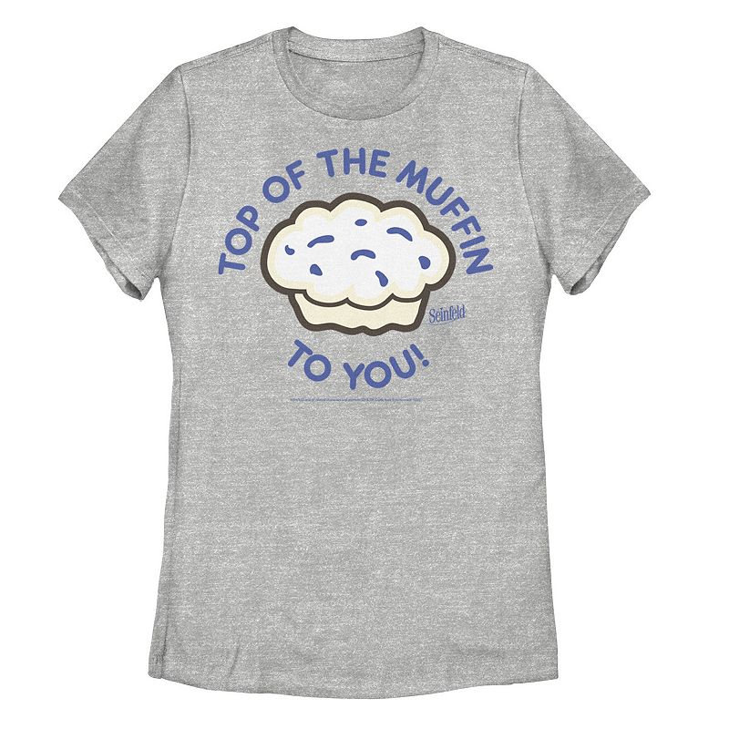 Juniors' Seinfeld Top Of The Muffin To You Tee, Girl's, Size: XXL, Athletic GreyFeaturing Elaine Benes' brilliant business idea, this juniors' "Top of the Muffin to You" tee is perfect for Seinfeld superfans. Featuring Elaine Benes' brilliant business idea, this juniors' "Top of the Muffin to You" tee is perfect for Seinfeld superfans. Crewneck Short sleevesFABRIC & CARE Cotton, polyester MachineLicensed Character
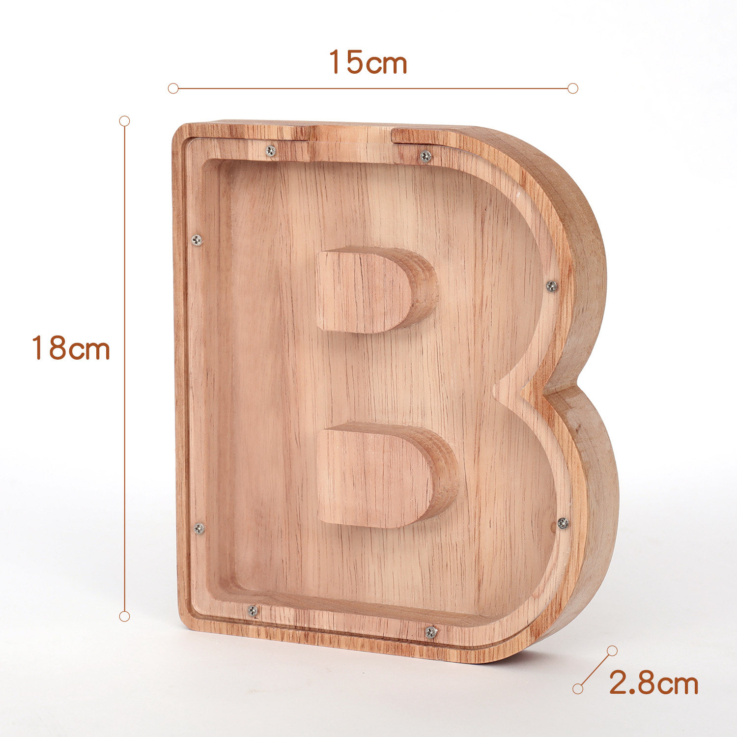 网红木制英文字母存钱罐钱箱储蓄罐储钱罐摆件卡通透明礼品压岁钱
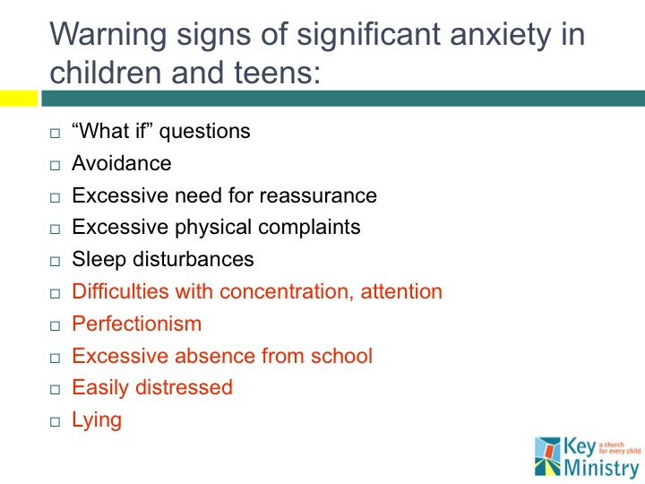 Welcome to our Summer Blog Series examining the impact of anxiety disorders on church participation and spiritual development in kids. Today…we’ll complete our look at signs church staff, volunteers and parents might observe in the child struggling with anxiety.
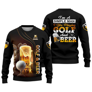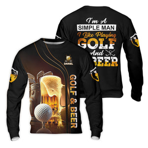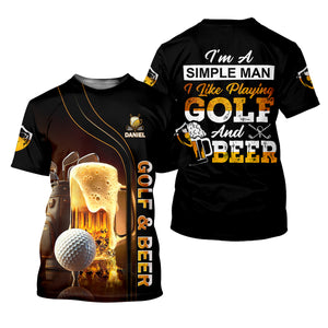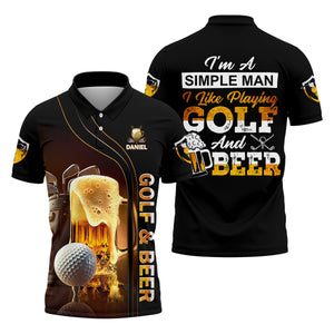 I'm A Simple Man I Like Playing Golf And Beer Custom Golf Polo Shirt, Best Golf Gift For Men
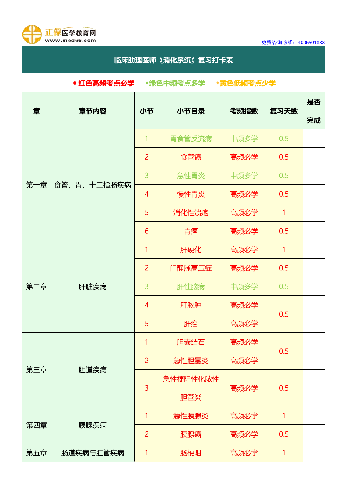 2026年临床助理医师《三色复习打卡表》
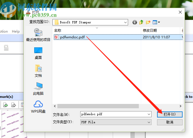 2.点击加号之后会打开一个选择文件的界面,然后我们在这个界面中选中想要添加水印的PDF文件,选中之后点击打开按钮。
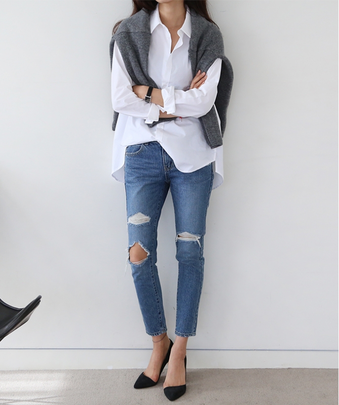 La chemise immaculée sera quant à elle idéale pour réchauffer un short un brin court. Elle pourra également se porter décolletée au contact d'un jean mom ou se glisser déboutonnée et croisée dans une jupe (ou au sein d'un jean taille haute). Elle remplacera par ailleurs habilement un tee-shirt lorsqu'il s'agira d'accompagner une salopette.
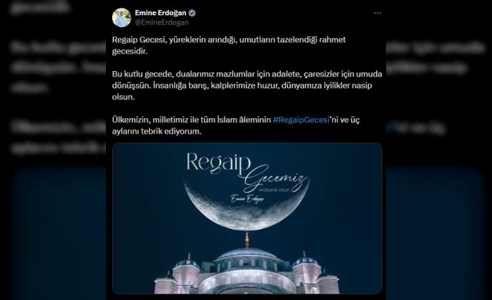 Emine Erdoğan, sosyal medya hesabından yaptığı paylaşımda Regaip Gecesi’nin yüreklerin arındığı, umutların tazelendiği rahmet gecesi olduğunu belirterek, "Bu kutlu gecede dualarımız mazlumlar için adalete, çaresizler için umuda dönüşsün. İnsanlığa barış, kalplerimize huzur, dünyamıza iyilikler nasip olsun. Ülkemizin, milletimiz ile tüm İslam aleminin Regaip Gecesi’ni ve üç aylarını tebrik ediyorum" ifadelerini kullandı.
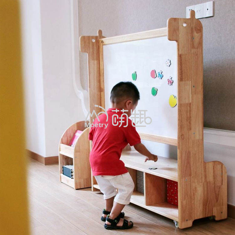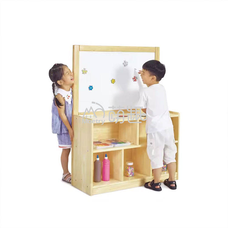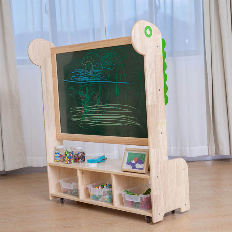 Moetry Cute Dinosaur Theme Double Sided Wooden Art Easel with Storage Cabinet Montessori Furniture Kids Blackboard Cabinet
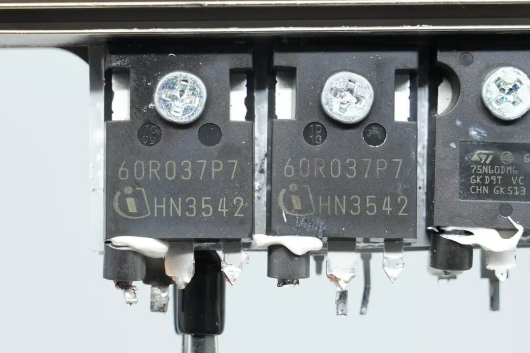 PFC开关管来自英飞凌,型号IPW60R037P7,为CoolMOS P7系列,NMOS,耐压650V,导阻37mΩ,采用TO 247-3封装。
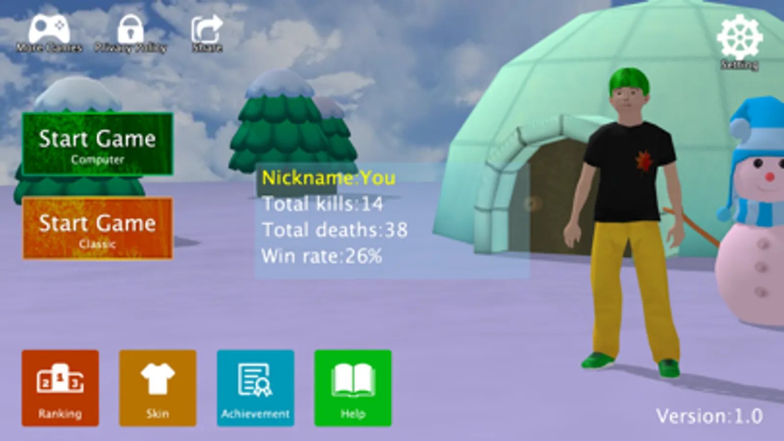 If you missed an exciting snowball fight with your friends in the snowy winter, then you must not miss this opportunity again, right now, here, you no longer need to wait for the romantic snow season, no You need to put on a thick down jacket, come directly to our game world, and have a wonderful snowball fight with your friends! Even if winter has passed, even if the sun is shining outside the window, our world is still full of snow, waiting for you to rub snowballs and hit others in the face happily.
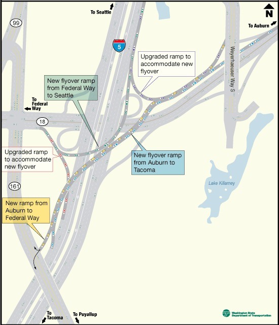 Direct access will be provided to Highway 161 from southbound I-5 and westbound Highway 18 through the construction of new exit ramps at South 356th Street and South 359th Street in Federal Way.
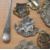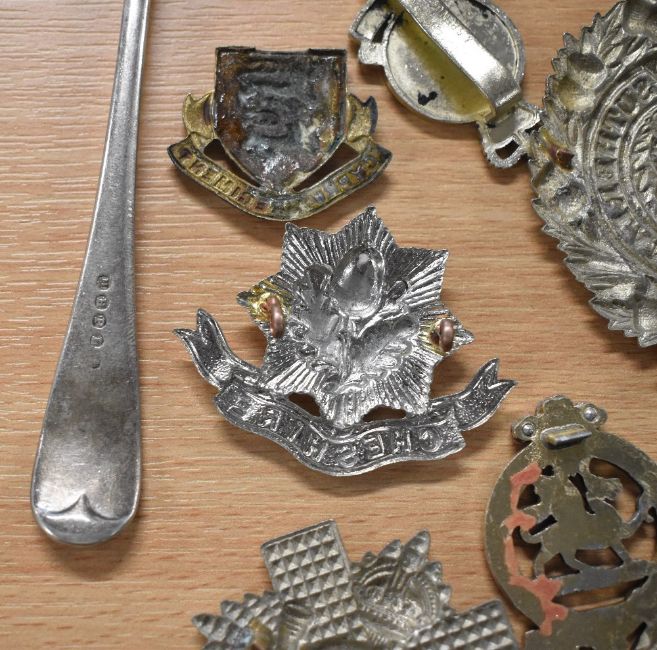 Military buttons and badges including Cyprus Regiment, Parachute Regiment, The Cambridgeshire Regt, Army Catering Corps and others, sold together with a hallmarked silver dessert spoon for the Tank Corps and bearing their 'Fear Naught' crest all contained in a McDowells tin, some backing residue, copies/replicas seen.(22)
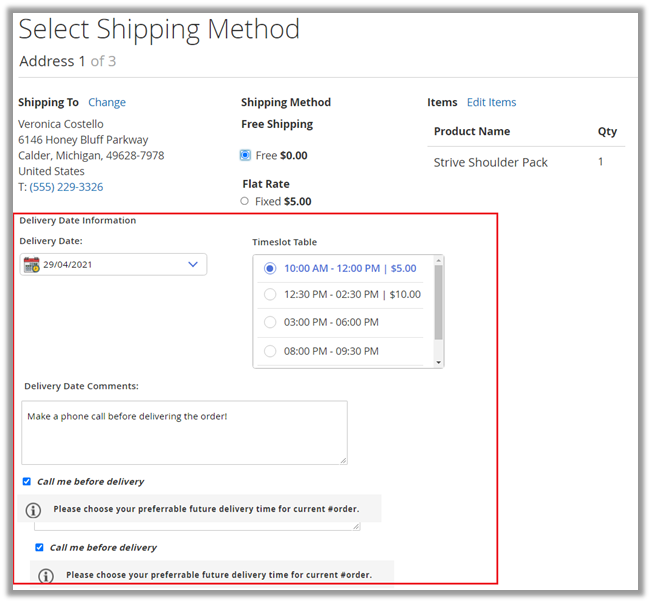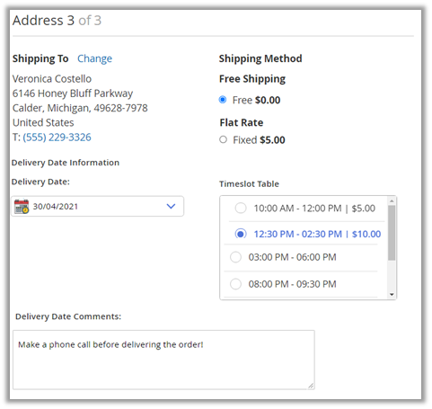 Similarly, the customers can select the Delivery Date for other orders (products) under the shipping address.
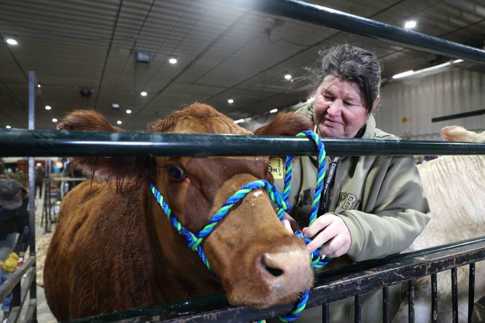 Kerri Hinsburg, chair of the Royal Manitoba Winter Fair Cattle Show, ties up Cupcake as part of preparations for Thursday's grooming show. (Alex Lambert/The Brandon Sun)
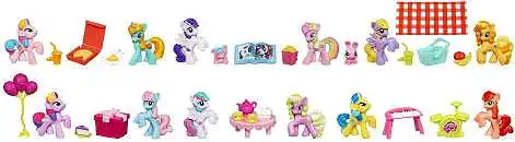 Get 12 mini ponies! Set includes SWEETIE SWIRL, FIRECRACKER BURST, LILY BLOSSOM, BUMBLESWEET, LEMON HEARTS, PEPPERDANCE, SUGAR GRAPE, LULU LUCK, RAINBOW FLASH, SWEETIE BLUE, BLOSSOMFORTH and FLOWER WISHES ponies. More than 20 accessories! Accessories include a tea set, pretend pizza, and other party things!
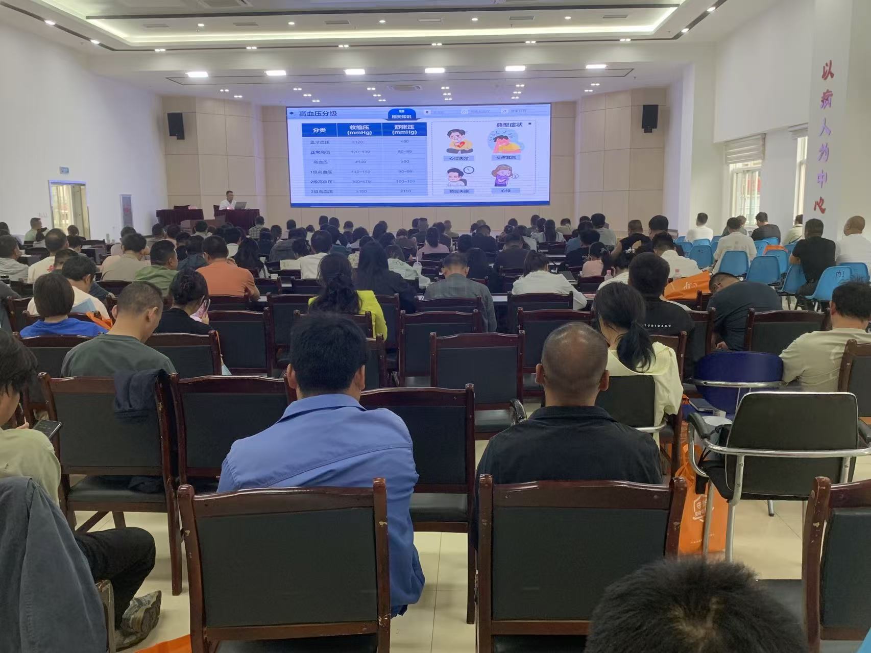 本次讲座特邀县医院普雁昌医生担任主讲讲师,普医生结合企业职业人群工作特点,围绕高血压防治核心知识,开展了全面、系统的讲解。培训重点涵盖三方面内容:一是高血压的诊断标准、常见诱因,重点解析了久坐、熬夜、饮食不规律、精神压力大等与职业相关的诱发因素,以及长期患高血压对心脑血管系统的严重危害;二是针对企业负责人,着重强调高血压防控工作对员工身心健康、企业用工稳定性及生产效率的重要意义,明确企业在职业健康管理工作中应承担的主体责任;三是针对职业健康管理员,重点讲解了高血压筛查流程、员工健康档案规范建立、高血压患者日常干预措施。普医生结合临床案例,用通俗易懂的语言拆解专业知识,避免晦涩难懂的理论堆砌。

+ + +

▶ Work instruction
From the line that contains "Similarly, the customers" to the last line of the data, print each line exactly, both ends included, and omit the pictures.

▶ Written answer
 Similarly, the customers can select the Delivery Date for other orders (products) under the shipping address.
 Kerri Hinsburg, chair of the Royal Manitoba Winter Fair Cattle Show, ties up Cupcake as part of preparations for Thursday's grooming show. (Alex Lambert/The Brandon Sun)
 Get 12 mini ponies! Set includes SWEETIE SWIRL, FIRECRACKER BURST, LILY BLOSSOM, BUMBLESWEET, LEMON HEARTS, PEPPERDANCE, SUGAR GRAPE, LULU LUCK, RAINBOW FLASH, SWEETIE BLUE, BLOSSOMFORTH and FLOWER WISHES ponies. More than 20 accessories! Accessories include a tea set, pretend pizza, and other party things!
 本次讲座特邀县医院普雁昌医生担任主讲讲师,普医生结合企业职业人群工作特点,围绕高血压防治核心知识,开展了全面、系统的讲解。培训重点涵盖三方面内容:一是高血压的诊断标准、常见诱因,重点解析了久坐、熬夜、饮食不规律、精神压力大等与职业相关的诱发因素,以及长期患高血压对心脑血管系统的严重危害;二是针对企业负责人,着重强调高血压防控工作对员工身心健康、企业用工稳定性及生产效率的重要意义,明确企业在职业健康管理工作中应承担的主体责任;三是针对职业健康管理员,重点讲解了高血压筛查流程、员工健康档案规范建立、高血压患者日常干预措施。普医生结合临床案例,用通俗易懂的语言拆解专业知识,避免晦涩难懂的理论堆砌。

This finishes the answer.